Top of EXERCISE INPUTS
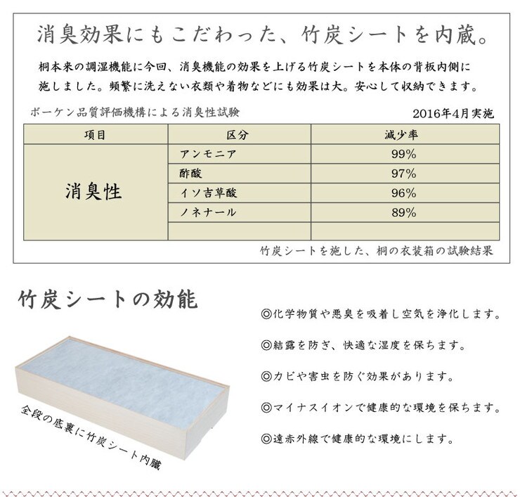 ■商品の仕様/本体:天然木(桐材)、底板・天板:天然木桐化粧板、盆裏内面:竹炭シート内蔵不織布
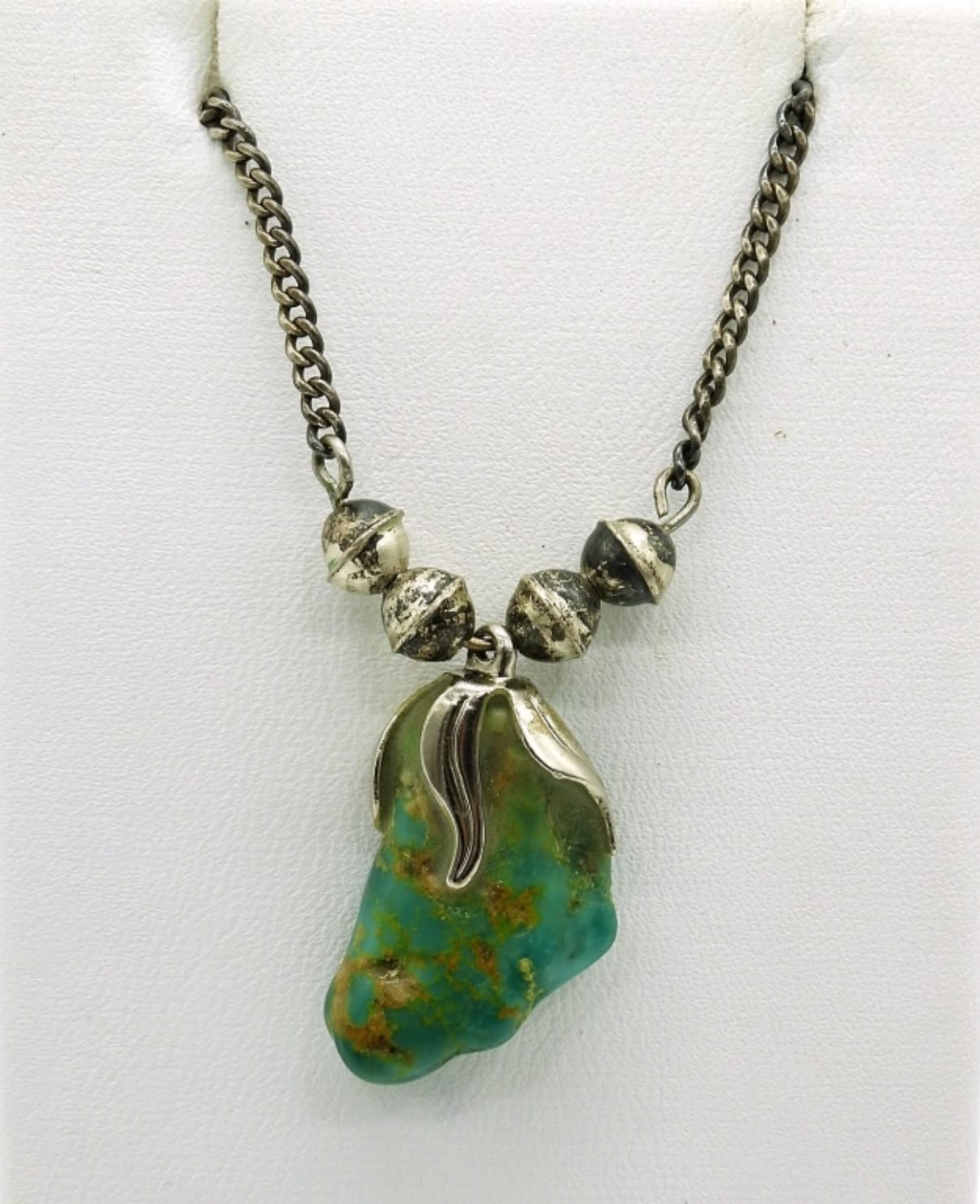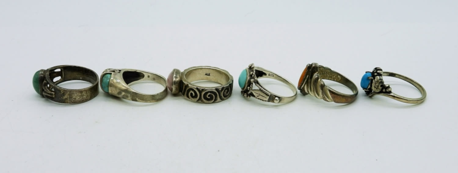 24 inch Sterling Turquoise Necklace. Six Sterling Rings with Turquoise Colored Gemstones and Other Gemstones. 26.5DWT
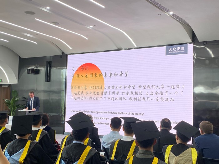 6月16日上午,我校和大眾集團合作培養的首批“種子工程師”順利畢業,校長吳春梅出席大眾安徽舉行的畢業典禮。大眾中國執行副總裁傅勤彥先生、大眾安徽首席執行官葛皖鏑博士、首席制造官施耐德先生、首席技術官呂爾曼博士、首席人力資源官邵劍先生以及校長辦公室、教務處、國際交流合作處、先進制造工程學院、人工智能與大數據學院相關領導和老師共同參加畢業典禮。
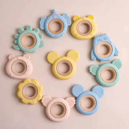 | Product Name | 2023 New BPA Free Colorful Animal Shape Baby Chew Toy Teether Wooden Silicone Teething Ring Toys Baby Teether | |
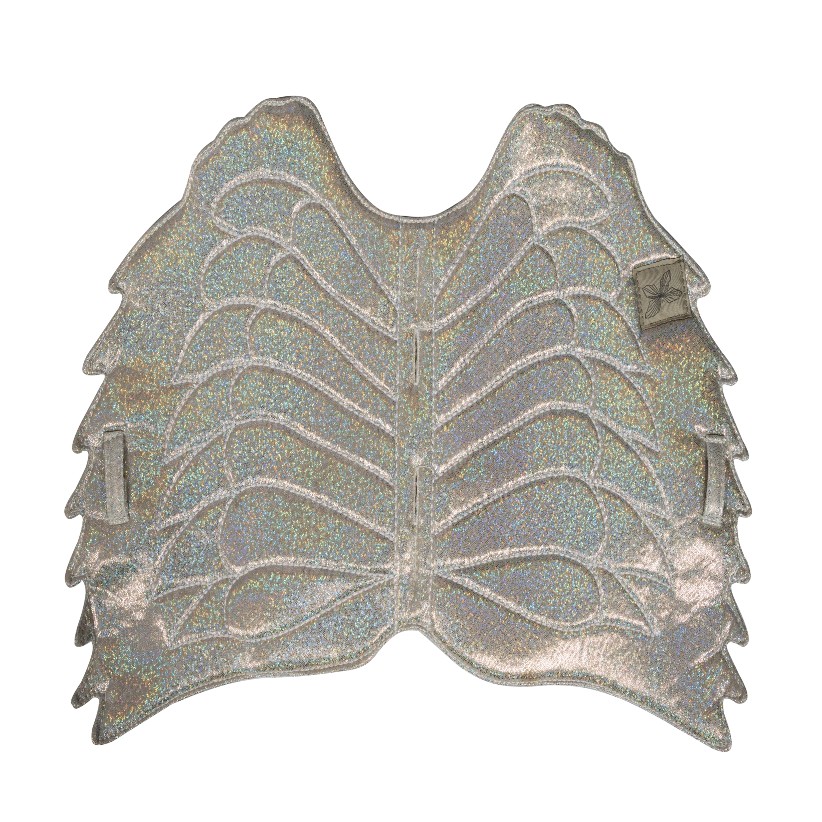 De set bevat een hoofdband van gladde, glinsterende stof die perfect past op je hobby horse. Het zadeldek heeft een uniek ontwerp in de vorm van delicate engelenvleugels of eenhoor vleugels. De bijbehorende sleutelhanger in blauwe en zilveren tinten voegt een extra laag elegantie toe.
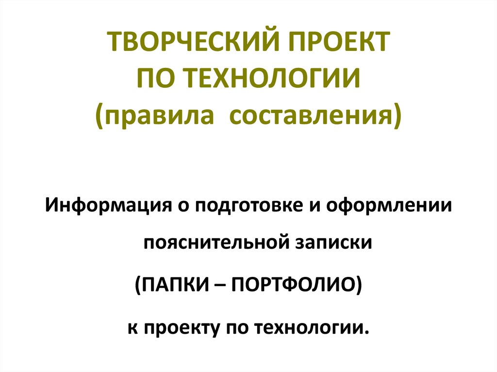 1. ТВОРЧЕСКИЙ ПРОЕКТ ПО ТЕХНОЛОГИИ (правила составления)
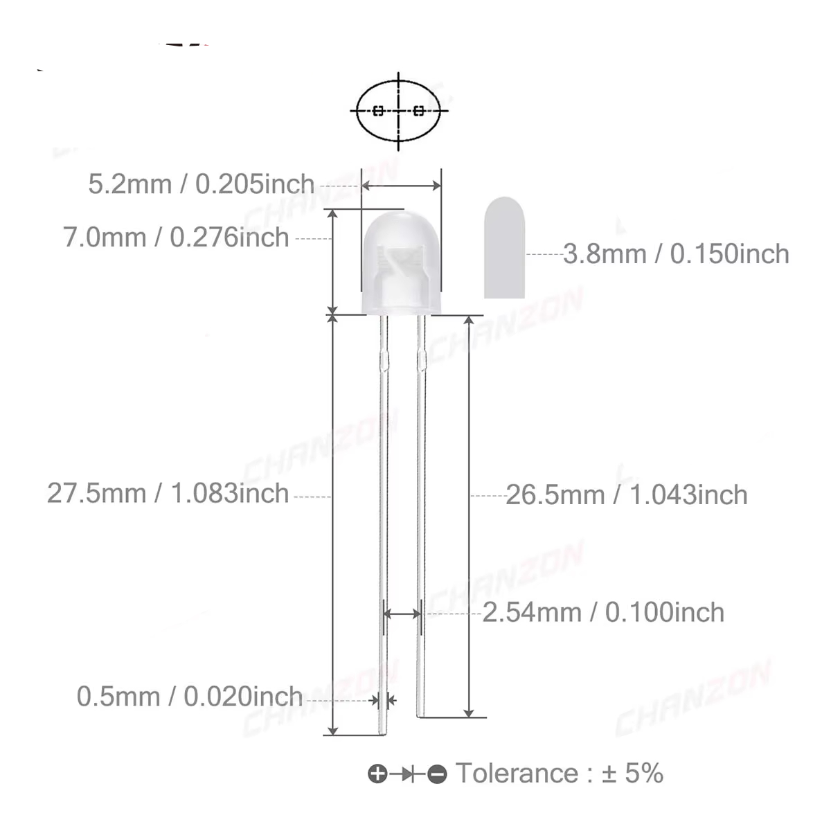 Forward Voltage: 2.0-2.2V (Red / Yellow) | 3.0-3.2V (White / Green / Blue)
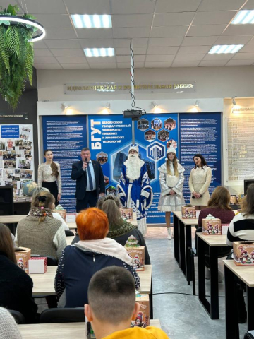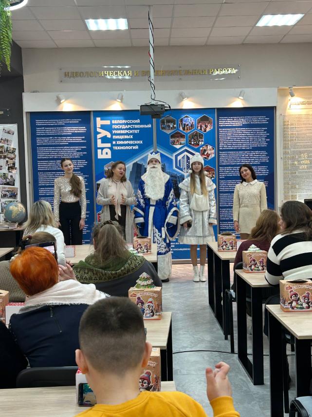 Сегодня  в канун Старого Нового года  силами  отдела по идеологической и воспитательной работе  совместно со студенческим самоуправлением общежитий БГУТ подготовлена  и проведена  Рождественская  благотворительная акция с вручением подарков 19  детям инвалидам и молодым инвалидам.
Bottom of EXERCISE INPUTS
WHAT IS REQUIRED – Reproduce exactly the entries from their first line through the line containing "24 inch Sterling", including both, and omit any pictures.

ANSWER –
 ■商品の仕様/本体:天然木(桐材)、底板・天板:天然木桐化粧板、盆裏内面:竹炭シート内蔵不織布
 24 inch Sterling Turquoise Necklace. Six Sterling Rings with Turquoise Colored Gemstones and Other Gemstones. 26.5DWT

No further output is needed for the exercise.